Z-Image Turbo [TensorCoreFP8]
Details
Download Files
Model description
Yes. 40% smaller, and 50% FASTER!
This is a new FP8 scaled checkpoint that supports latest ComfyUI features: mixed precision, post-training calibration and FP8 tensor cores support.
This model has calibrated metadata and ComfyUI will do FP8 calculations directly on supposed hardware, instead of BF16, which is much faster (+50% it/s) than BF16 and classic FP8 models (which only contains FP8 quantized weights but no FP8 calculations).
About Z-image: https://huggingface.co/Tongyi-MAI/Z-Image-Turbo
In short:
Mixed precision:
Early and final layers are still BF16. Middle layers are FP8. That's why this model is 1GB larger than classic FP8 model.

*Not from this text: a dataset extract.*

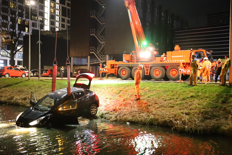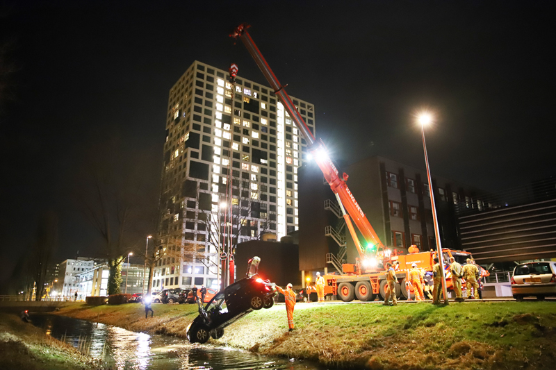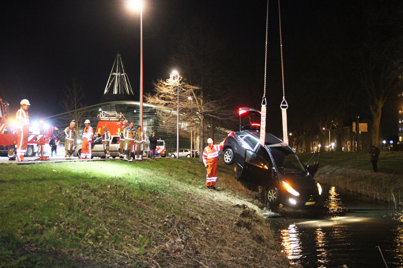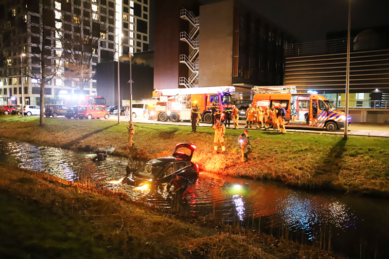 Delft – Zaterdagavond 20 februari werd de brandweer gealarmeerd voor een voertuig te water aan de Van der Waalsweg in Delft.

Post-training calibrated and FP8 tensor core support:
If you have a newer Nvidia GPU (probably RTX 4xxx and later):
Those GPUs have native hardware FP8 calculation support. This model has post-training calibrated metadata. ComfyUI will automatically utilize those fancy tensor cores and do calculations in FP8 directly, instead of BF16.
On 4090, comparing to using BF16 model:
classic FP8 scaled model: -8% it/s (fp8 -> bf16 dequantization overhead)
classic FP8 scaled model + torch.compile: +11% it/s
this model: +31% it/s
this model + torch.compile: +60% it/s
On 5xxx GPUs it should be faster than above because newer tensor cores and better fp8 support. Not tested.
To use torch.compile, I recommend torch.compile nodes from "ComfyUI-KJNodes".
However, about torch.compile: as of me writing this (11/28/2025), ComfyUI v0.3.75 has a small bug and can't torch.compile FP8 model that uses tensor cores. It has been fixed. So remember to update ComfyUI v0.3.76 and retry it in the future. Or switch to master branch for now.
If your GPU does not have FP8 tensor core:
No worries. This model can still save you ~40% VRAM.
FYI: This model (the way ComfyUi utilizing FP8 tensor cores and doing linear) is compatible with all kinds of attention optimizations (sage attention etc.). But this is another topic.